The V8 has also been worked over in relation to being better all around. More power, lighter weight, and more efficient. There’s all-new pistons, con-rods, and a new intake system design. The exhaust system geometries have been reworked and a new, one-piece-cast exhaust header reduces power loss, improves throttle response, and zeros out turbo lag. Variable Boost Management adjusts torque delivery to suit the selected gear for greater levels of acceleration and lower fuel consumption.

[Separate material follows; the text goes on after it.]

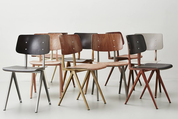 インダストリアルチェアModel S16は1950年代後半から60年代初めに、学校、オフィス、病院、ダイニングホールなどの公共施設でのヘビーユーズに耐えられるよう、安価で実用性と耐久性が織り込まれたデザインとして製作されました。 その後、国内の多くの施設にシェアが広がり、同社の代表的な製品として認知されるようになった椅子の一つです。 一度は生産停止となったものの、ヴィンテージとして世界中にファンを持つS16は、2014年に生産を再開。 Jean Prouve,Wim Rietveld,Friso Kramerらの工業製品の流れを汲んだシンプルで工業的な外観と豊富なカラーバリエーションが、時代や環境を超越し、住宅から商業施設、様々な空間で使用されいます。 【納品例】 2021年03月 / 岩手県 Y様 邸 2020年06月 / 岩手県 it's FOR MEN様 2020年04月 / 岩手県 manordaいわて 様 2020年03月 / 岩手県 BEAR BASE BAEREN 様
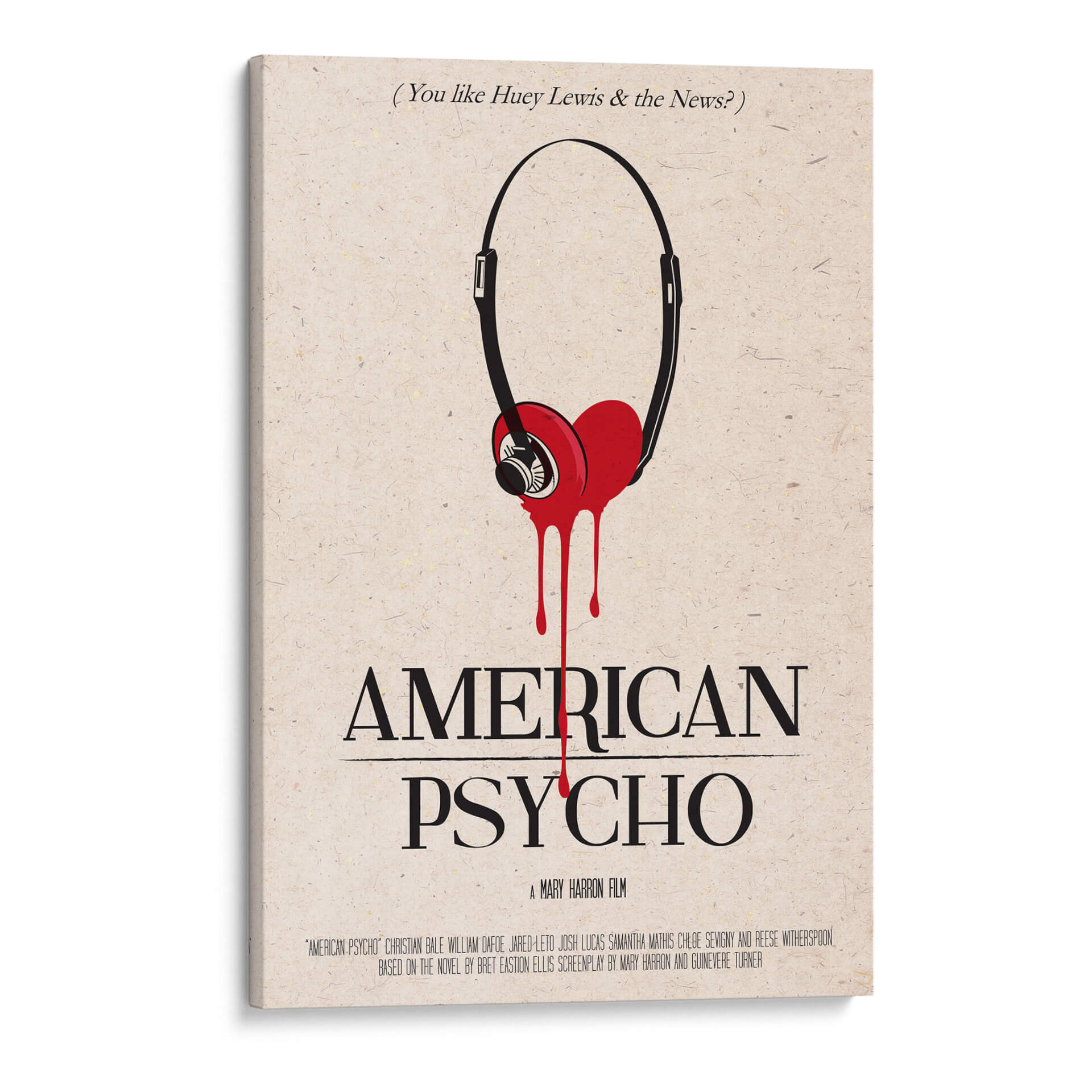 Sumérgete en la atmósfera icónica de "American Psycho" con este impactante cuadro decorativo. La obra presenta una representación minimalista pero poderosa de unos auriculares rojos, de los cuales gotean gotas de sangre, sobre un fondo texturizado de color beige. La imagen evoca misterio, intriga y una sutil crítica a la cultura moderna, haciendo referencia a la famosa película y su estética distintiva. El diseño limpio y la paleta de colores limitada, centrada en el rojo vibrante y los tonos tierra, crean un contraste visual cautivador. Este cuadro decorativo es perfecto para añadir un toque de audacia y conversación a tu sala de estar, oficina o cualquier espacio que busque una pieza de arte contemporáneo con carácter. Su estilo gráfico y su concepto único lo convierten en un punto focal memorable, ideal para amantes del cine, el arte pop o la decoración moderna que no teme explorar temas complejos. Aporta una dosis de arte provocador y sofisticado a tu hogar.

For the first time on this type of Ferrari, Portofino buyers will get the benefit of the third generation electronic rear differential (E-Diff3) integrated with the F1-Trac. This is, as the name implies, track derived wizardry that puts the power down to the ground with no muss, no fuss, and all go.

Photo: Ferrari S.p.A.

Steering & Suspension

The Portofino also carries electric power steering, dropping the steering ratio by seven percent for more response and is fully integrated with the E-Diff3. The shocks are trick magnetorheological units (say that three times real fast) with dual-coil technology to reduce roll and absorb uneven road surfaces.

Aerodynamics & Chassis

The Ferrari Design department worked closely with the Aerodynamics department (that would be the people with three wind tunnels, CFD server farms that draw power straight from a hydroelectric dam, and work on the aero of F1 cars as their main gig) to ensure maximum aerodynamic efficiency while also looking like Monica Bellucci’s prettier sister. Further, the Portofino’s chassis is all-new and features significant weight savings over the California T. All the chassis and body-in-white components have been redesigned with a critical eye to weight reduction and increased torsional rigidity

The Ferrari Portofino will make its world debut at the Frankfurt International Motor Show beginning on September 14th.

Tony Borroz has spent his entire life racing antique and sports cars. He means well, even if he has a bias toward lighter, agile cars rather than big engine muscle cars or family sedans.

Photos & Source: Ferrari S.p.A.

About The Author

Tony Borroz grew up in a sportscar oriented family, but sadly, it was British cars. His knuckles still show the marks of slipped Whitworth sockets, strains to reach upper rear shock bushings on Triumphs, and slight burn marks from dealing with Lucas Electric “systems.” He has written for a variety of car magazines and websites, Automoblog chief among them. Tony has worked on popular driving games as a content expert, in addition to working for aerospace companies, software giants, and as a movie stuntman. He currently lives in a secure, undisclosed location in the American southwestern desert.